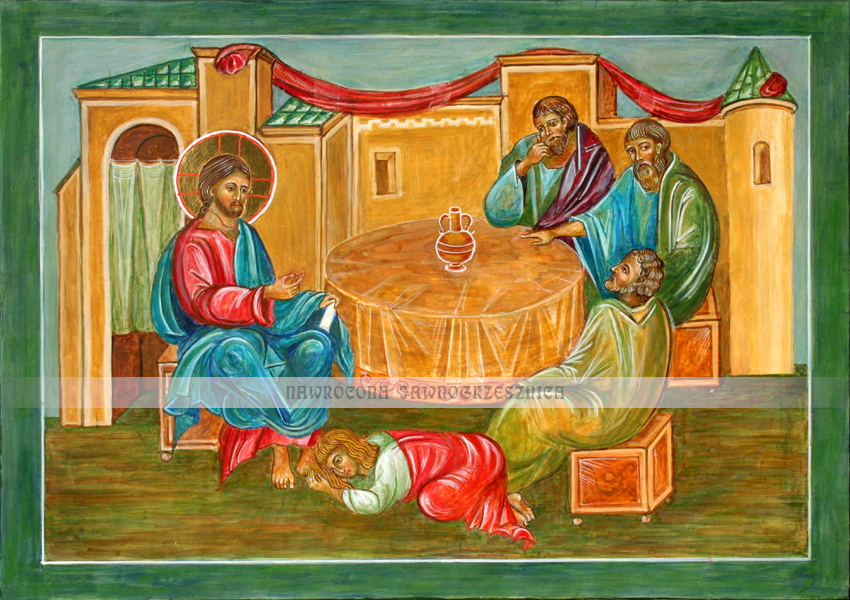 Nawrócona jawnogrzesznica 42×30 cm Jest to scena opisana u Św. Łukasza 7, 36-50. Przedstawia Chrystusa oraz kobietę całującą Jego nogi i ocierającą je włosami. Naprzeciwko Chrystusa za stołem zasiada trzech faryzeuszy. Wydarzenie to miało miejsce w domu Szymona faryzeusza gdzie Chrystus został zaproszony na posiłek. Czerwona szarfa rozciągnięta na widocznych z tyłu budowlach wskazuje, że scena ta odbywa się we wnętrzu. Kobieta określana jako jawnogrzesznica w niecodzienny sposób wyraża swoją miłość i uwielbienie dla Chrystusa. Ikona wykonana na desce lipowej; malowana temperą jajeczną, złocona. |
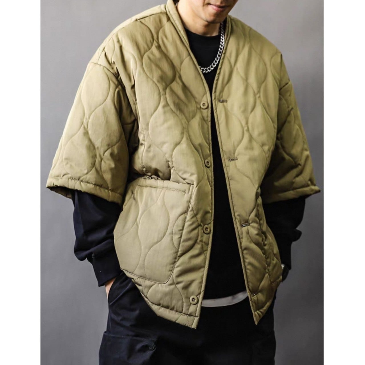 フロントのスナップボタンと大きめポケットで実用性も高く、ロングスリーブとのレイヤードも相性抜群。
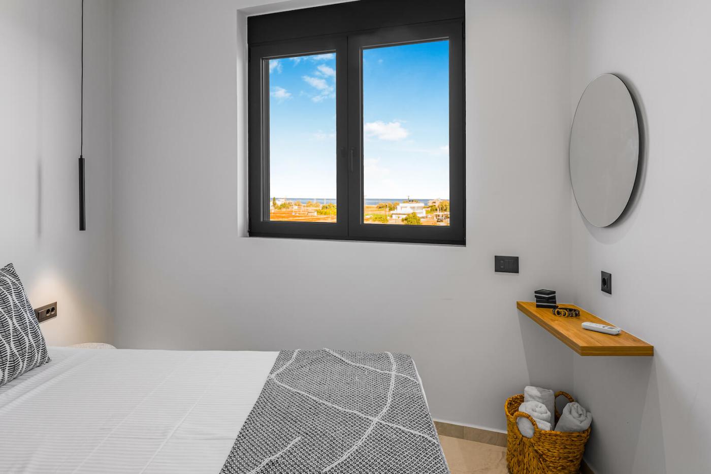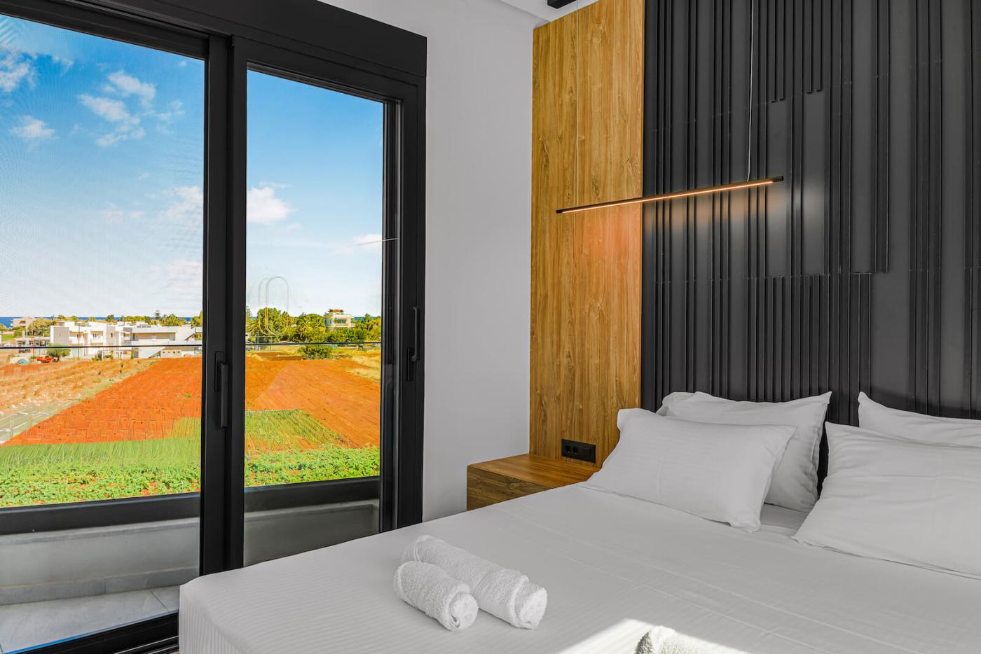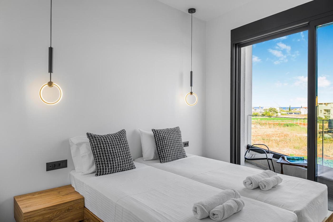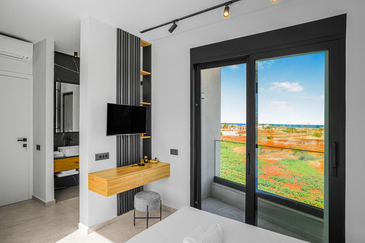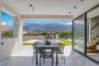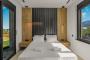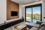 Two bedrooms open onto private balconies with stunning views, one of which also enjoys mountain views through a large window. Another bedroom boasts a large picture window with uninterrupted sea views, filling the villa with natural light and a serene atmosphere throughout the day.
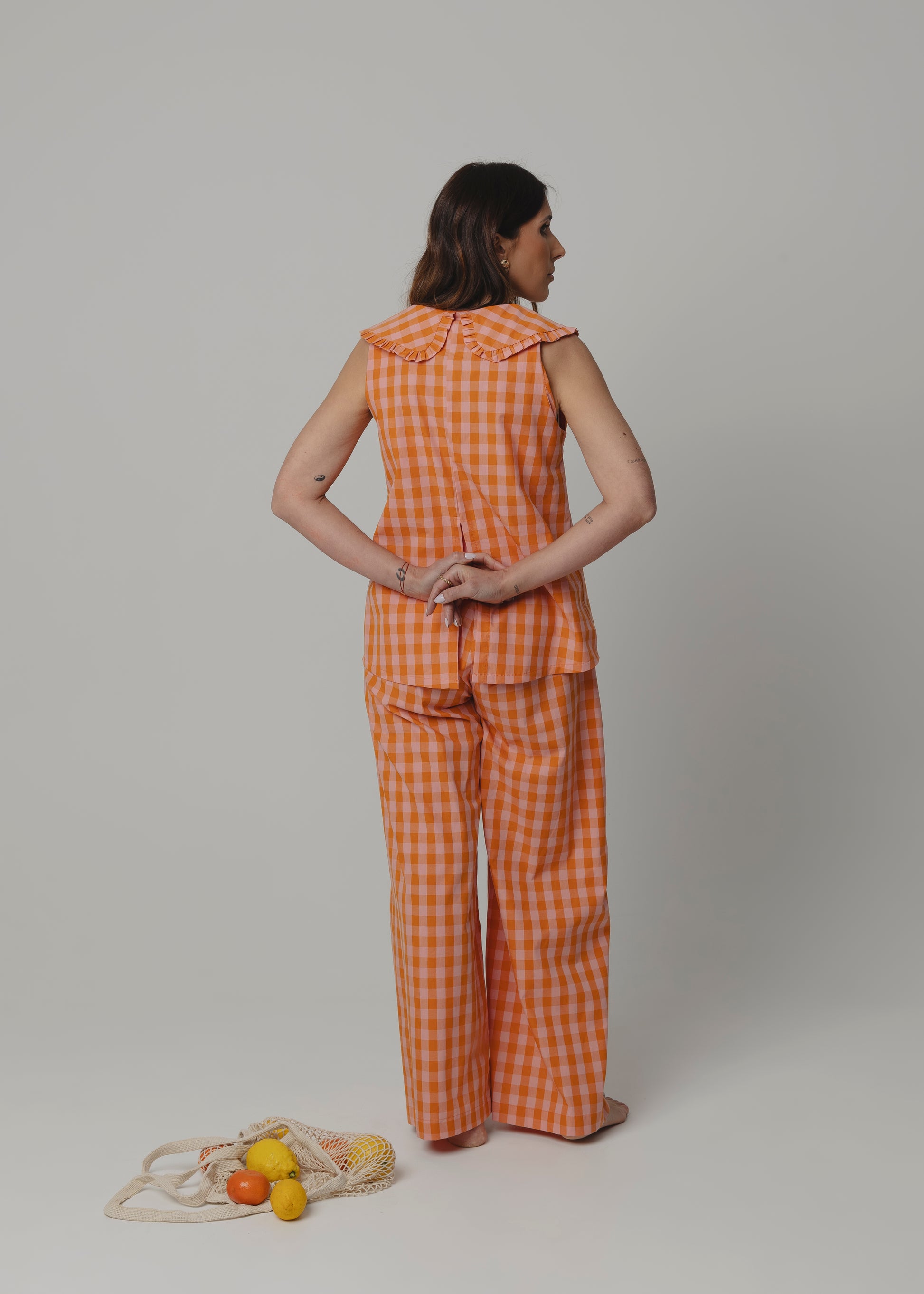 Blusa corte godé sem mangas. Gola peterpan na frente e nas costas.

WORK REQUEST.
What is needed is an exact copy of only the lines above from the one with "フロントのスナップボタンと大" to the one with "Two bedrooms open", both kept, with every picture left out.

OUTPUT.
 フロントのスナップボタンと大きめポケットで実用性も高く、ロングスリーブとのレイヤードも相性抜群。
 Two bedrooms open onto private balconies with stunning views, one of which also enjoys mountain views through a large window. Another bedroom boasts a large picture window with uninterrupted sea views, filling the villa with natural light and a serene atmosphere throughout the day.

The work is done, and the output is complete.